Items from a dataset:
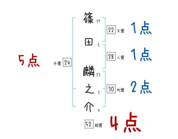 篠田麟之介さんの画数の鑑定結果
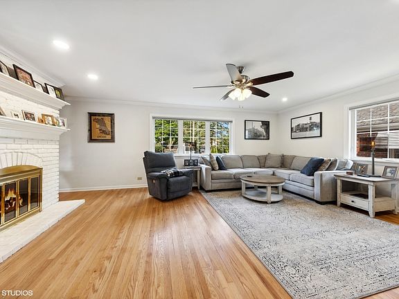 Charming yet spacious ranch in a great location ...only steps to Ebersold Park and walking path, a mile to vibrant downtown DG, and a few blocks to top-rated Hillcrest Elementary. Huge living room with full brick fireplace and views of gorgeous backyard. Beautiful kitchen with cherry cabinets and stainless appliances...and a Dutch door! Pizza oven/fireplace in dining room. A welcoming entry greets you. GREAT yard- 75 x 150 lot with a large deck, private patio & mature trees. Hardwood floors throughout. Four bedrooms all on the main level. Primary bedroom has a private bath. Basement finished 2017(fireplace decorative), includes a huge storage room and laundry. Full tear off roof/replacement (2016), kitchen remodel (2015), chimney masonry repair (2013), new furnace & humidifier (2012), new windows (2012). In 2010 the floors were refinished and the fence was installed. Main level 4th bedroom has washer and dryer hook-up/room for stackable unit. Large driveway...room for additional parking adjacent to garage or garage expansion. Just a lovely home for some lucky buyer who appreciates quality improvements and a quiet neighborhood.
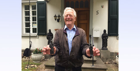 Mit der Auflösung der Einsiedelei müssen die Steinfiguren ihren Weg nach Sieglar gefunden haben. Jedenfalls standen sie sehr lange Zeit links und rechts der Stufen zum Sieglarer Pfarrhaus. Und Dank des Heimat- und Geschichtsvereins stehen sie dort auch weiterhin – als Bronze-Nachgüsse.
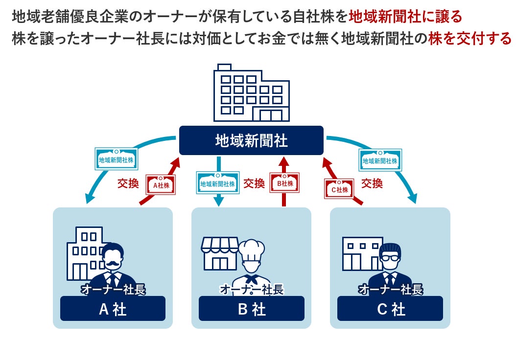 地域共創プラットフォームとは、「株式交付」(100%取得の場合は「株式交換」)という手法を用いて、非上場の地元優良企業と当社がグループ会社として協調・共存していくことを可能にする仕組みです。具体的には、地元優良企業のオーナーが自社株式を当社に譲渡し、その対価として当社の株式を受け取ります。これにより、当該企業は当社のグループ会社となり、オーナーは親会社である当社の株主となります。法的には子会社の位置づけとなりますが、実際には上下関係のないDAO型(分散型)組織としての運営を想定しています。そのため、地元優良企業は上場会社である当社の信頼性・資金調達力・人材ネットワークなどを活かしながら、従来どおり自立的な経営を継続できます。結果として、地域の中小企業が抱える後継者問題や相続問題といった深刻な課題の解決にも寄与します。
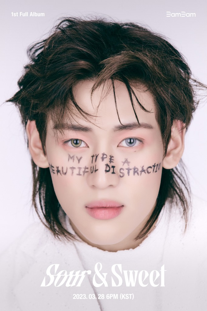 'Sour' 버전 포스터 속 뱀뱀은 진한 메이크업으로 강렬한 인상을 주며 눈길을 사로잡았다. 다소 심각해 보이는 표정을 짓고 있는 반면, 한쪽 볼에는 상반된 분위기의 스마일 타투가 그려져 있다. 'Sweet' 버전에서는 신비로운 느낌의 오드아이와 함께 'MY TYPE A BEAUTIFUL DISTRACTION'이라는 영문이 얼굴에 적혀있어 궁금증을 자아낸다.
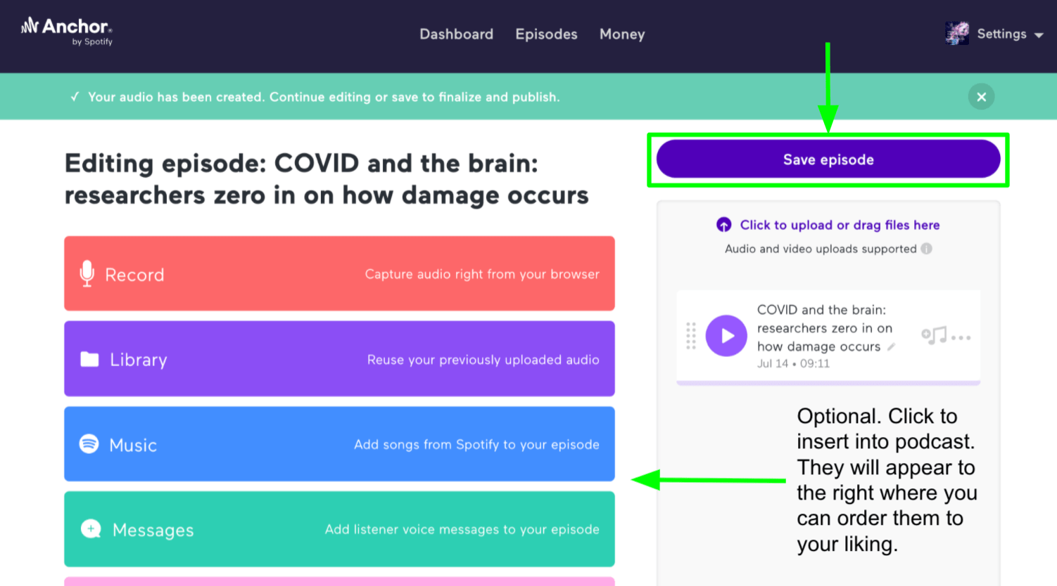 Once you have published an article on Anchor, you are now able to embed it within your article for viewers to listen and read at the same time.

--

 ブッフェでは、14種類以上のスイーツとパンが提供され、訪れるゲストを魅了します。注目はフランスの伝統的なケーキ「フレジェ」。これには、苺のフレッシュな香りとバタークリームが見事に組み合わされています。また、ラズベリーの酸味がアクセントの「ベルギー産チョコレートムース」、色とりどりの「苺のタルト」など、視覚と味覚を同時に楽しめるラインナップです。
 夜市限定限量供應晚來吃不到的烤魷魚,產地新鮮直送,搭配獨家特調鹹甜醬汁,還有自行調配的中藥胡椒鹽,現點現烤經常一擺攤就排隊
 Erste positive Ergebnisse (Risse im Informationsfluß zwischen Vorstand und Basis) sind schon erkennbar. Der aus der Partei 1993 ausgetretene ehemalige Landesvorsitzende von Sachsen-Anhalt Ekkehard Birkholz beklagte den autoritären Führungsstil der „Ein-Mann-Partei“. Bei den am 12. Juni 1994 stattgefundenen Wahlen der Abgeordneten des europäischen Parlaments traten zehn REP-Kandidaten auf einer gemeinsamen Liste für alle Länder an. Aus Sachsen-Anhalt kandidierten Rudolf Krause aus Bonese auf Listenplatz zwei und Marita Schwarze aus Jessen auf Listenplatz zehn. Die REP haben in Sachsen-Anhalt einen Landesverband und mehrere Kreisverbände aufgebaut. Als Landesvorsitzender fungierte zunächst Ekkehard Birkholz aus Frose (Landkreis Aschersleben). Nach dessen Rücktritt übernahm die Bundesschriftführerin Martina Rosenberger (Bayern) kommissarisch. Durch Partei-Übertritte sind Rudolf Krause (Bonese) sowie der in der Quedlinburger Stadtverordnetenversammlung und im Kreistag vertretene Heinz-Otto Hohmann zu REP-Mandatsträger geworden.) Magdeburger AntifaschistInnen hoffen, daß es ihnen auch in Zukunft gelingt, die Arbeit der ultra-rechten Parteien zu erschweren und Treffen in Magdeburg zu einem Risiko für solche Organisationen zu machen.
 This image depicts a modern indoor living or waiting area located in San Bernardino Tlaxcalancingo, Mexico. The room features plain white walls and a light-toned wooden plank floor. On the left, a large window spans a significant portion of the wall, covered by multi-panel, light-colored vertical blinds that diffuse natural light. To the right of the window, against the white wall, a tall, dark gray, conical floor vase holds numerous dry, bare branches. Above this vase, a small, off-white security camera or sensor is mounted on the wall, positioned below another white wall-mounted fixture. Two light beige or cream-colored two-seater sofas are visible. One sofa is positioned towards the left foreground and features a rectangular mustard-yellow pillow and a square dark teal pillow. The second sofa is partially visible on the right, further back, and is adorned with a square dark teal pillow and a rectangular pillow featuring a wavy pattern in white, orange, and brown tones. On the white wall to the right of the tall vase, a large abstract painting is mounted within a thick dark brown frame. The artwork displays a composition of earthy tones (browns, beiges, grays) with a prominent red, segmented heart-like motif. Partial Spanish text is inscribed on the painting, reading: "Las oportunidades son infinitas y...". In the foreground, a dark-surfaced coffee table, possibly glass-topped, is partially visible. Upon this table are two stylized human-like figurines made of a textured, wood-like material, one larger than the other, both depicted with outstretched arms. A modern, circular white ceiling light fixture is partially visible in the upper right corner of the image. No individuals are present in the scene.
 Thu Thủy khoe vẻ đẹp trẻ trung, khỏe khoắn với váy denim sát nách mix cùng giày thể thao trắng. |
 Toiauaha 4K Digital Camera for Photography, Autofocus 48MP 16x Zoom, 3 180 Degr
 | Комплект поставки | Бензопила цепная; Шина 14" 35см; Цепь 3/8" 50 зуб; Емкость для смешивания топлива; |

--

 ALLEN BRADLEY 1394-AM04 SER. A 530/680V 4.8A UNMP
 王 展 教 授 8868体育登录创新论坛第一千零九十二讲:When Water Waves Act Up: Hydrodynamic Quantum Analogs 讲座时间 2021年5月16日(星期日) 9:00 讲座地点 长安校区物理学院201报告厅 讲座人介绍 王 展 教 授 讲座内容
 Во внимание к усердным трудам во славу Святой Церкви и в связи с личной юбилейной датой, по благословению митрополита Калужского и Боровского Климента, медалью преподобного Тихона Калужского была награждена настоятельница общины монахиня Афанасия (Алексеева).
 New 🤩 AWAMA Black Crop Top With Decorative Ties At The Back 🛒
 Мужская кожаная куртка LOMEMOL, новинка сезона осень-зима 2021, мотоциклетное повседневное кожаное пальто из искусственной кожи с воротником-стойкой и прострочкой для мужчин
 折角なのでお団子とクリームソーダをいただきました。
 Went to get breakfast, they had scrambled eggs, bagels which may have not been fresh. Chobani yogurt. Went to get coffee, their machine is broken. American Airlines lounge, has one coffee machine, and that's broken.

* **WHAT YOU NEED TO DO**
Copy the records above exactly, beginning at the line that contains "Во внимание к" and stopping after the line that contains "New 🤩 AWAMA".

* **EXERCISE OUTPUT**
 Во внимание к усердным трудам во славу Святой Церкви и в связи с личной юбилейной датой, по благословению митрополита Калужского и Боровского Климента, медалью преподобного Тихона Калужского была награждена настоятельница общины монахиня Афанасия (Алексеева).
 New 🤩 AWAMA Black Crop Top With Decorative Ties At The Back 🛒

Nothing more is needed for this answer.